Many variants of malicious code attempt to use the built-in Administrator account to destroy a single server. In recent years, the significance of these renaming configurations has been greatly reduced because there are a number of new attack tools that attempt to encroach on the server by specifying the security identity (SID) of the built-in Administrator account to determine the real name of the account. SIDs are the only values that determine each user, group, computer account, and logon session in the network. It is not possible to change the SID of a built-in account. By changing the local administrator account to a special name, you can easily monitor attack attempts on that account.

Securing the well-known accounts on the IAS server

1. Rename the Administrator and Guest accounts, and change the password on each domain and server to a long and complex value.

2. Use a different name and password on each server. If you use the same account name and password on all domains and servers, an attacker will have access to all other servers that have the same account name and password only if they are only accessed by a single member server.

3, modify the account default description to prevent the account is easily recognized.

4. Record these changes in a secure location.

Note: The built-in Administrator account can be renamed through Group Policy. Because you must choose a unique name for your environment, these settings are not configured in any of the security templates provided in this guide. In the three environments defined in this guidance, you can configure the account: Rename administrator account setting to rename the Administrator account. This setting is part of the security option settings in Group Policy.
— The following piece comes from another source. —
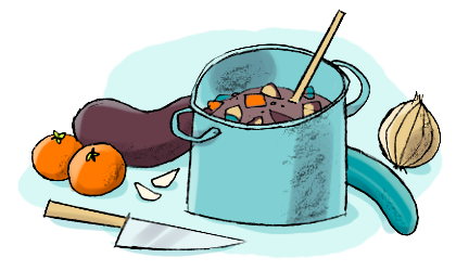 Milena und Anton essen Ratatouille, zubereitet mit verschiedenen Gemüsesorten, sehr gern.

Secure the service Account

Do not configure the service to run in the security context of the domain account unless absolutely necessary. If the physical security of the server is compromised, the domain account password can easily be obtained by dumping the Local Security Authority (LSA) secret.

Summarize

This chapter explains the server hardening settings that you must follow to protect IAS server security in the Enterprise Client environment defined in this guidance. These settings may also apply in other environments defined in this guidance, but are not tested or validated. The settings we discuss are configured and applied through Group Policy. Based on the services provided by these servers, you can link the Group Policy object (GPO) that can provide useful supplements to the MSBP to the organizational unit (OU) that contains the IAS servers in your organization to provide additional security.